Разве? Я уже сбилась со счета, когда и кто был первым, когда и кто начинал. Ну, если ты настаиваешь.
– Хорошо, чего ты хочешь? Чтобы я у окна стала?
– Хочу, чтобы теперь ты о себе рассказала.
Ого, промашка вышла, не поняла я его. У меня так не получиться, загадками говорить, я так не умею. Мне прямо говорить придется, снова вспомнить все, пережить заново, нужно собраться. Трубка еще тлеет, три глубоких вдоха – это поможет, комната плывет, тело легкое становиться, я перышко – ветер меня легко подхватывает, вверх поднимает, кружит, вдаль несет. Бесконечные песчаные дюны и барханы внизу проплывают, три хрупкие скорлупки под парусами, колесами песок перемалывают, отчаянные карторы канаты тянут, паруса ставят – вызов ветру бросают, с ветром спорят, упрямцы!
– Мой муж был старкаром, когда мы поженились, мне повезло – я вышла замуж по любви, он тоже испытывал ко мне чувства. Когда ему удалось скопить достаточно денег, он выкупил меня у родителей, и мы поженились, мне было тринадцать лет. Через год он стал мастер–помощником, и у нас родилась дочь Меа. Еще через три года у нас родился сын Мак. Муж уже был к тому моменту шеф–капитаном, жили мы в Истрице стане, мы были счастливы. Что можно было желать, чего просить у жизни? Война закончилась давно, жизнь вокруг налаживалась, мы строили планы, о будущем мечтали. Через два года после рождения сына муж повел караван через Пустошь в Атолл. Три карта, два средних, один большой – они попали в сильную песчаную бурю, длившуюся несколько дней. Назад вернулся только один средний карт. В буре они потерялись. Из выживших одни винили растерявшегося вожатого, другие мужа, что послушал старика. Но как бы там ни было – муж погиб, его долг за потерянный караван и груз лег на нас. Товар принадлежал Становому Истрицы жирному уроду Манер сен Весу, в счет уплаты долга он забрал наш дом и меня с детьми к себе в рабство.
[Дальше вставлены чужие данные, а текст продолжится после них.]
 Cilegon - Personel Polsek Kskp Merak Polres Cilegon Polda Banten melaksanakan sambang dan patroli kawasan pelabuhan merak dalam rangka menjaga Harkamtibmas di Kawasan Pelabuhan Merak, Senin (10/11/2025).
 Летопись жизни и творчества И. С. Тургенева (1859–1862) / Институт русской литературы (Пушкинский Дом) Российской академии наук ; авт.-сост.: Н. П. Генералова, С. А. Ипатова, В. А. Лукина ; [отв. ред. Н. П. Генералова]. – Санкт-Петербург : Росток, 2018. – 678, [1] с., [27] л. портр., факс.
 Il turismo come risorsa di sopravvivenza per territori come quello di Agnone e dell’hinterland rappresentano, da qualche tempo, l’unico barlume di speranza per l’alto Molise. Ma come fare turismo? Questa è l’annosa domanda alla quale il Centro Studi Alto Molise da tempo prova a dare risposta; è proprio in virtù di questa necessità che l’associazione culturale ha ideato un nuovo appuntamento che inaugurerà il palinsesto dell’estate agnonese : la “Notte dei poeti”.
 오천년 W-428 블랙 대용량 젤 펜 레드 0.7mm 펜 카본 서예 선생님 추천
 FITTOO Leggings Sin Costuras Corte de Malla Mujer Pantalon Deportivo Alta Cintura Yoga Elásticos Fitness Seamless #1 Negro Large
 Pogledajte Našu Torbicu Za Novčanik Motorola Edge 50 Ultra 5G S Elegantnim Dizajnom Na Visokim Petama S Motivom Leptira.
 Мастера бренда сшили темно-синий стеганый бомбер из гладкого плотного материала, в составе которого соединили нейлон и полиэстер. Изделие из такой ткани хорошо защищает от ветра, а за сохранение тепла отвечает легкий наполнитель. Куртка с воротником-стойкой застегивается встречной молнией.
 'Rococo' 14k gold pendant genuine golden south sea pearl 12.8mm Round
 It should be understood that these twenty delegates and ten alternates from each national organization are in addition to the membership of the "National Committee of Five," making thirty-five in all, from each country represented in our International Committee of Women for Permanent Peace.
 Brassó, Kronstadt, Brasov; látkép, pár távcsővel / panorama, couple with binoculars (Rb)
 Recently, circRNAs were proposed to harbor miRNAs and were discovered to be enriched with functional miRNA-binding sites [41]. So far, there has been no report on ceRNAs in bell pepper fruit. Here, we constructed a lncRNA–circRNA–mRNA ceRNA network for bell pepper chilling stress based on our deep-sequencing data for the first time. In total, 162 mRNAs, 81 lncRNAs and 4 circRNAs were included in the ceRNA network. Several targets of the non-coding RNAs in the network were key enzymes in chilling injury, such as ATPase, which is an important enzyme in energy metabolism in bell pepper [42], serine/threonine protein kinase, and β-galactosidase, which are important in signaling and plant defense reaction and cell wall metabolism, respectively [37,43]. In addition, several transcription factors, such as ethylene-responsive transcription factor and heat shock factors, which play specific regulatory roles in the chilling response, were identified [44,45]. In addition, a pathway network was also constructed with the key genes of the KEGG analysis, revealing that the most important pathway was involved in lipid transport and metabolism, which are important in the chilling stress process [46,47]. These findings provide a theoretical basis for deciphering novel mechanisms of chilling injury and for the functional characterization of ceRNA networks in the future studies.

Как же это тяжело вспоминать. Душа аргом воет, тоскливо, печально завывает.
– Трубка потухла? Еще есть? Спасибо.
Так лучше, не так больно вспоминать. Зачем я это вообще делаю, зачем старое ворошу? Я должна ему рассказать, он должен знать, я больше не могу в себе хранить весь этот груз.
– Весь первый год, этот боров пользовал меня, как хотел, потом я ему наскучила, и он отдал меня своим воинам, а через год и вовсе продал заезжему торговцу из Атолла. Смешно вспоминать – цена один полный серебряный квадрат. Тот торговец продал меня за полный золотой местному трактирщику и еще год я у него в рабстве здесь клиентов обслуживала. Потом трактирщик ушел с караваном на полночь и пропал. Его место занял Сан сен Гор, никто не ожидал – думали, его жена трактир приберет, а она даже возражать не стала. Сан сен Гор нас всех сразу от рабских долговых обязательств освободил. Впервые в жизни я была свободна, меня столько раз в жизни продавали, что сначала я даже не знала, что мне делать. Но дети остались в Истрице у Станового, мне нужно было их вернуть. А как? Я решила, что теперь смогу собрать нужную сумму и выкупить их. Так я осталась здесь, только работала уже сама на себя. А что еще было делать, как я могла еще денег достать? И вот – прошло еще три года, а денег даже чтобы захудалую мулгу выкупить не собралось. Осталось у меня не больше двух лет.
– Почему?
– Потом у дочери начнутся месячные, и она сможет стать женой – ее тоже продадут, как и меня и больше я ее не увижу.
– Они еще там в Истрице?
– Год назад я просила Сан сен Гора узнать – они были там.
– Он знает твою историю?
– Да я ему рассказала. После того как он нас освободил, я просилась назад, он удивился – пришлось рассказать. Он не возражал. Даже клиентов денежных старался мне подыскать.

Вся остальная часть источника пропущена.